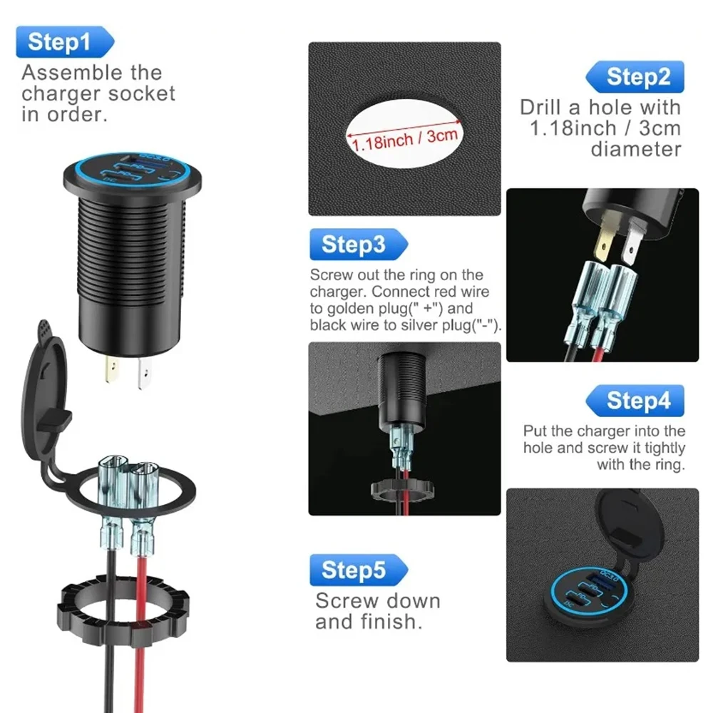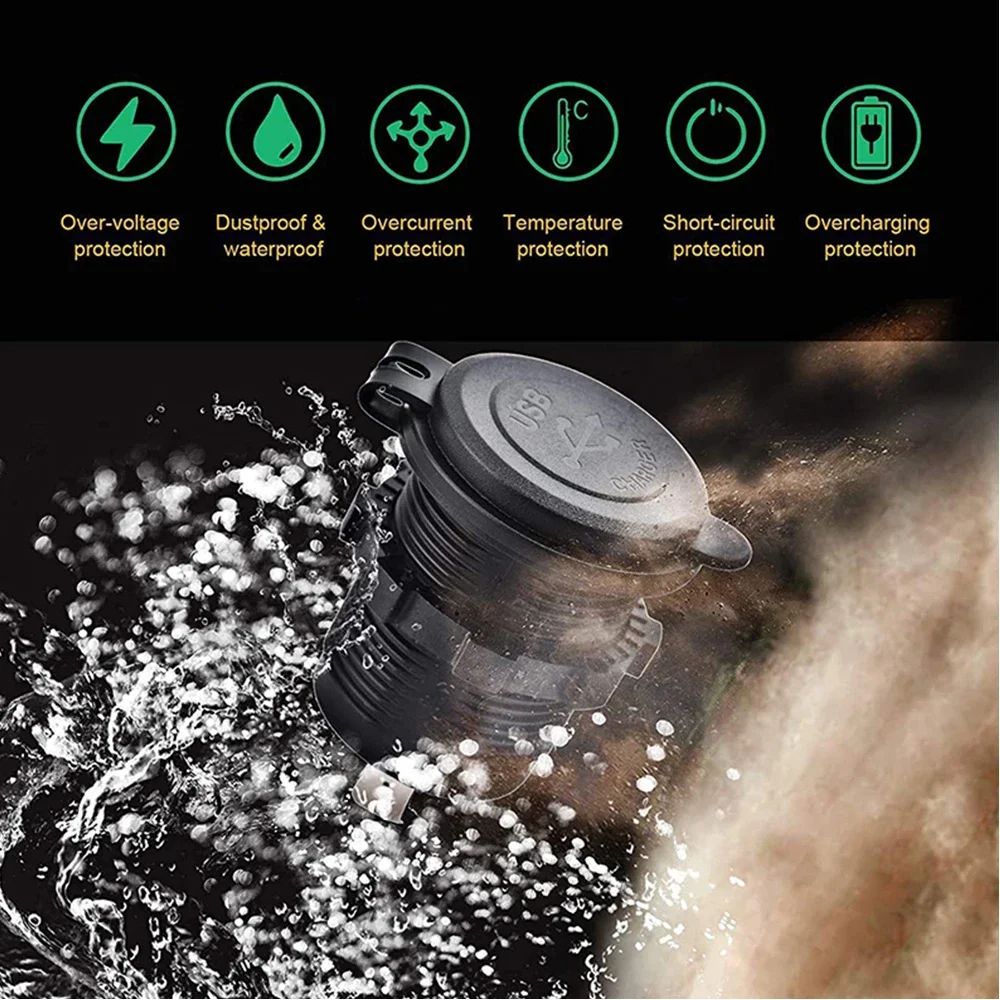 Comprar Cargador de coche Dual PD QC3.0 de 78W, accesorio de enchufe impermeable de carga rápida 3,0, toma de corriente para motocicleta, camión y barco de 12V/24V
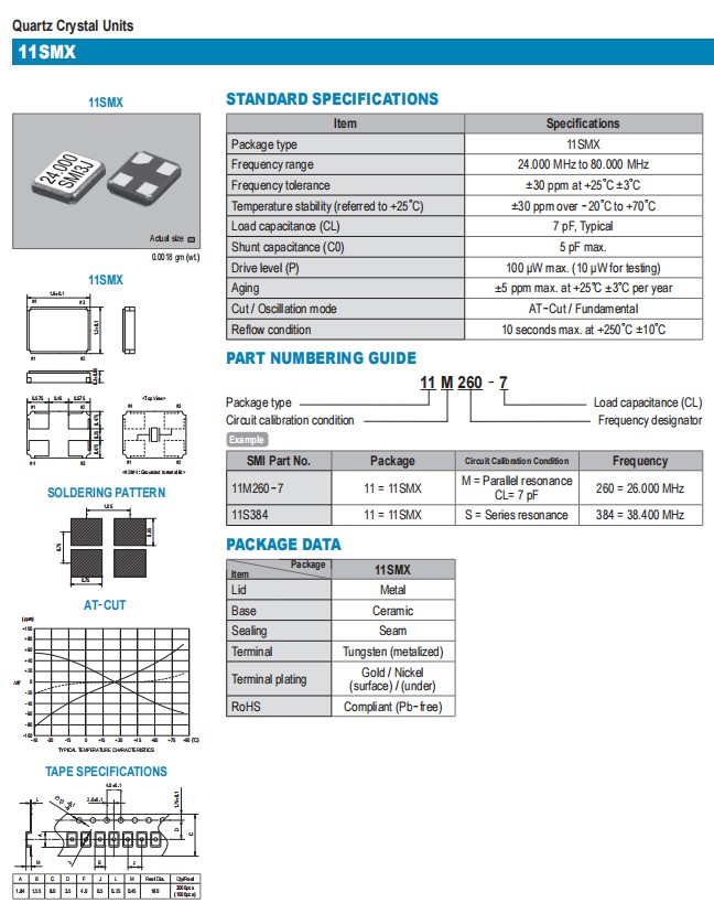 11M250-12晶振,日本SMI高精度晶體,移動通訊晶振,日本SMI晶振公司,高品質晶振,低損耗晶振,1612晶振,超小型晶振,日本進口晶振,四腳晶振,石英晶振,貼片晶振,無源晶振,6G晶振,6G基站控制器晶振,11SMX晶振.貼片石英晶體,體積小,焊接可采用自動貼片系統,產品本身小型,表面,特別適用于有小型化要求的市場領域,因產品小型,薄型優勢,耐環境特性,包括耐高溫,耐沖擊性等,在移動通信領域得到了廣泛的應用,晶振產品本身可發揮優良的電氣特性,滿足無鉛焊接的高溫回流溫度曲線要求.
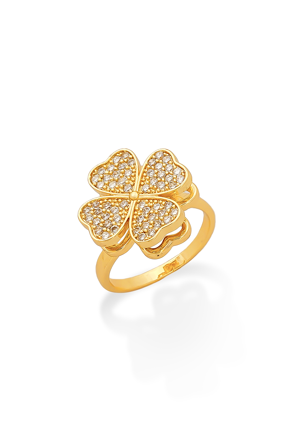 ANILLO BAÑADO EN ORO EN FORMA DE TRÉBOL GIRATORIO RELLENO DE MICROCIRCONES BLANCOS
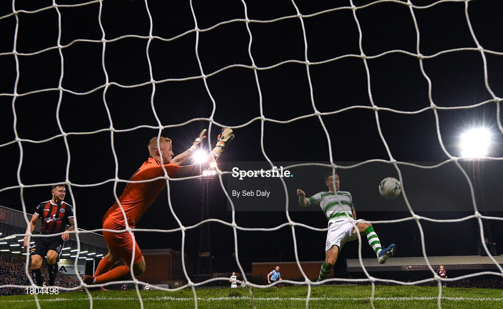 27 September 2019; Aaron Greene of Shamrock Rovers shoots to score his side's second goal past James Talbot of Bohemians during the Extra.ie FAI Cup Semi-Final match between Bohemians and Shamrock Rovers at Dalymount Park in Dublin. Photo by Seb Daly/Sportsfile
####
PROBLEM TO SOLVE -
Skip the pictures and write out exactly the lines from the line containing "11M250-12晶振,日本" through the end of the listing above.

YOUR RESPONSE -
 11M250-12晶振,日本SMI高精度晶體,移動通訊晶振,日本SMI晶振公司,高品質晶振,低損耗晶振,1612晶振,超小型晶振,日本進口晶振,四腳晶振,石英晶振,貼片晶振,無源晶振,6G晶振,6G基站控制器晶振,11SMX晶振.貼片石英晶體,體積小,焊接可采用自動貼片系統,產品本身小型,表面,特別適用于有小型化要求的市場領域,因產品小型,薄型優勢,耐環境特性,包括耐高溫,耐沖擊性等,在移動通信領域得到了廣泛的應用,晶振產品本身可發揮優良的電氣特性,滿足無鉛焊接的高溫回流溫度曲線要求.
 ANILLO BAÑADO EN ORO EN FORMA DE TRÉBOL GIRATORIO RELLENO DE MICROCIRCONES BLANCOS
 27 September 2019; Aaron Greene of Shamrock Rovers shoots to score his side's second goal past James Talbot of Bohemians during the Extra.ie FAI Cup Semi-Final match between Bohemians and Shamrock Rovers at Dalymount Park in Dublin. Photo by Seb Daly/Sportsfile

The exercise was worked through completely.